- Born: Edward Joseph Walsh March 5, 1942 Chicago, Illinois, United States
- Died: February 14, 2014 (aged 71) Portland, Oregon, United States
- Occupation: Political journalist
- Years active: 1964–2009
- Employers: The Catholic Messenger (1964-1967); The Houston Chronicle (1967-1971); The Washington Post (1971–2004); The Oregonian (2004–2009);
- Spouse: Michelle Heisler (m. 1965–2014)
- Children: two

= Edward J. Walsh (journalist) =

American political journalist and correspondent

Edward Joseph Walsh (March 5, 1942 – February 14, 2014) was an American political journalist and foreign correspondent for The Washington Post and The Oregonian.

Born in Chicago, Illinois, Walsh graduated from the College of St. Thomas, now the University of St. Thomas, in Saint Paul, Minnesota, in 1963. He did graduate work in journalism and political science at Marquette University in Milwaukee, Wisconsin. He began his reporting career with the Catholic Messenger in Davenport, Iowa followed by reporting for the Houston Chronicle.

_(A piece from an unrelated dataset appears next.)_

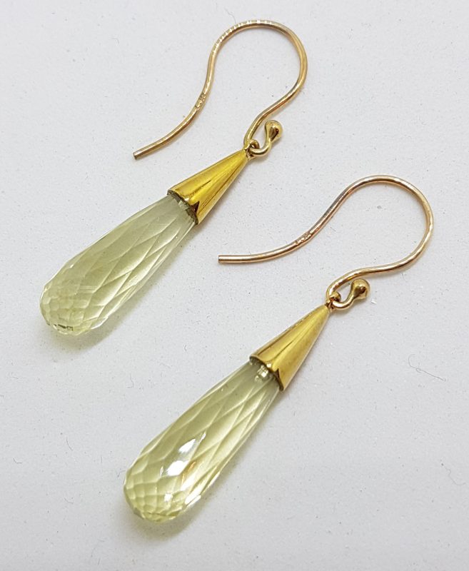 9ct Yellow Gold Lemon Citrine / Quartz Long Cone Drop Earrings

In 1971, Walsh began a 33-year career with The Washington Post, during which he covered such events as Maryland Governor Marvin Mandel's indictment for mail fraud, Jimmy Carter's 1976 presidential campaign, and the Iran hostage crisis. In the early 1980s, he reported from Jerusalem, during the 1982 Lebanon War. He also interviewed Yasser Arafat in 1984. Upon returning to the United States in 1985, he reported on every presidential election until his retirement from The Washington Post in 2004. He was also its bureau chief in Chicago, as well as national political editor in the early 1990s. From 2004 to 2009, he was a political reporter for The Oregonian of Portland, Oregon.

Since 2012, Walsh battled cancer, which spread from his lungs to his brain. In February 2014, at the age of 71, he died at his Portland home. He was survived by his wife of 49 years, Michelle Walsh ( Heisler), and their two children.